#### Description of the task
Transcribe this listing exactly; omit the pictures.

#### Data
☆ ☆ ☆ ☆

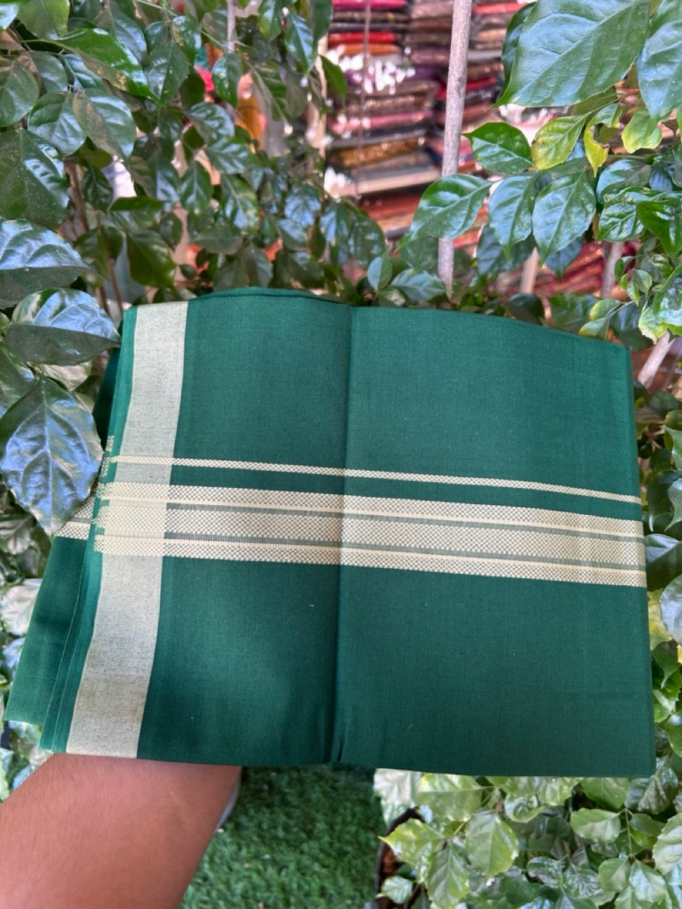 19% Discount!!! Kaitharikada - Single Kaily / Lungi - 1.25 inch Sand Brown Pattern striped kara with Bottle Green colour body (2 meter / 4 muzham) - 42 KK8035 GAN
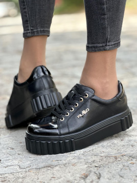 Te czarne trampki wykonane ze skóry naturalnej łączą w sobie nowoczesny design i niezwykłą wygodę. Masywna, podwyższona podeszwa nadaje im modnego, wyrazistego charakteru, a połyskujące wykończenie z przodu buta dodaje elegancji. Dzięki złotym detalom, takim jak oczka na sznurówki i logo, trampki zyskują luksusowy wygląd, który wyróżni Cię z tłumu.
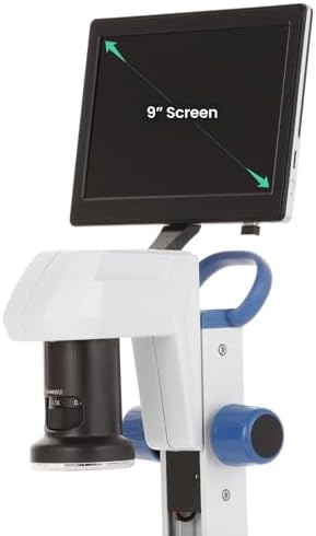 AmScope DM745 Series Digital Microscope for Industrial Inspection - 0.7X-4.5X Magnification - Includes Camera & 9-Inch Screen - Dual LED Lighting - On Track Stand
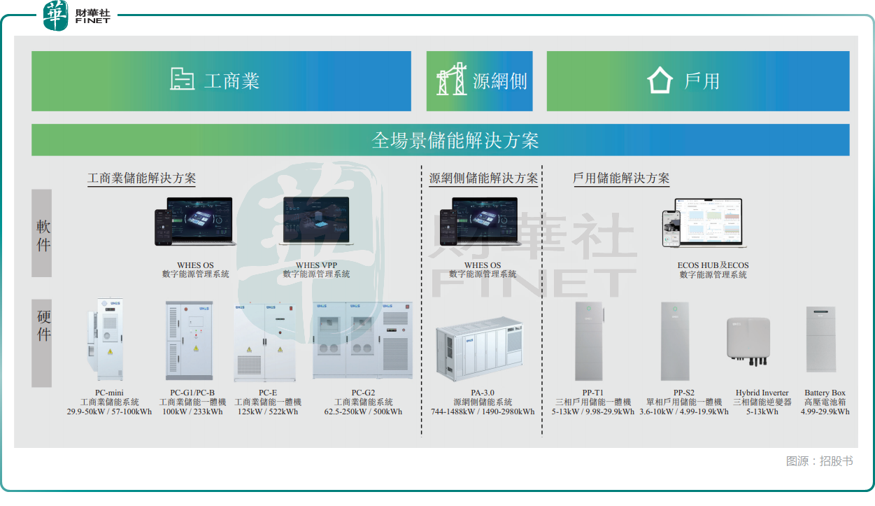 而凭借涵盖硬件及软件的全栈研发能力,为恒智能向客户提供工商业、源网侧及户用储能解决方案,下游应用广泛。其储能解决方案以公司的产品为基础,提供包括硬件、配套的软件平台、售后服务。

☆ ☆ ☆ ☆

#### Written answer
 19% Discount!!! Kaitharikada - Single Kaily / Lungi - 1.25 inch Sand Brown Pattern striped kara with Bottle Green colour body (2 meter / 4 muzham) - 42 KK8035 GAN
 Te czarne trampki wykonane ze skóry naturalnej łączą w sobie nowoczesny design i niezwykłą wygodę. Masywna, podwyższona podeszwa nadaje im modnego, wyrazistego charakteru, a połyskujące wykończenie z przodu buta dodaje elegancji. Dzięki złotym detalom, takim jak oczka na sznurówki i logo, trampki zyskują luksusowy wygląd, który wyróżni Cię z tłumu.
 AmScope DM745 Series Digital Microscope for Industrial Inspection - 0.7X-4.5X Magnification - Includes Camera & 9-Inch Screen - Dual LED Lighting - On Track Stand
 而凭借涵盖硬件及软件的全栈研发能力,为恒智能向客户提供工商业、源网侧及户用储能解决方案,下游应用广泛。其储能解决方案以公司的产品为基础,提供包括硬件、配套的软件平台、售后服务。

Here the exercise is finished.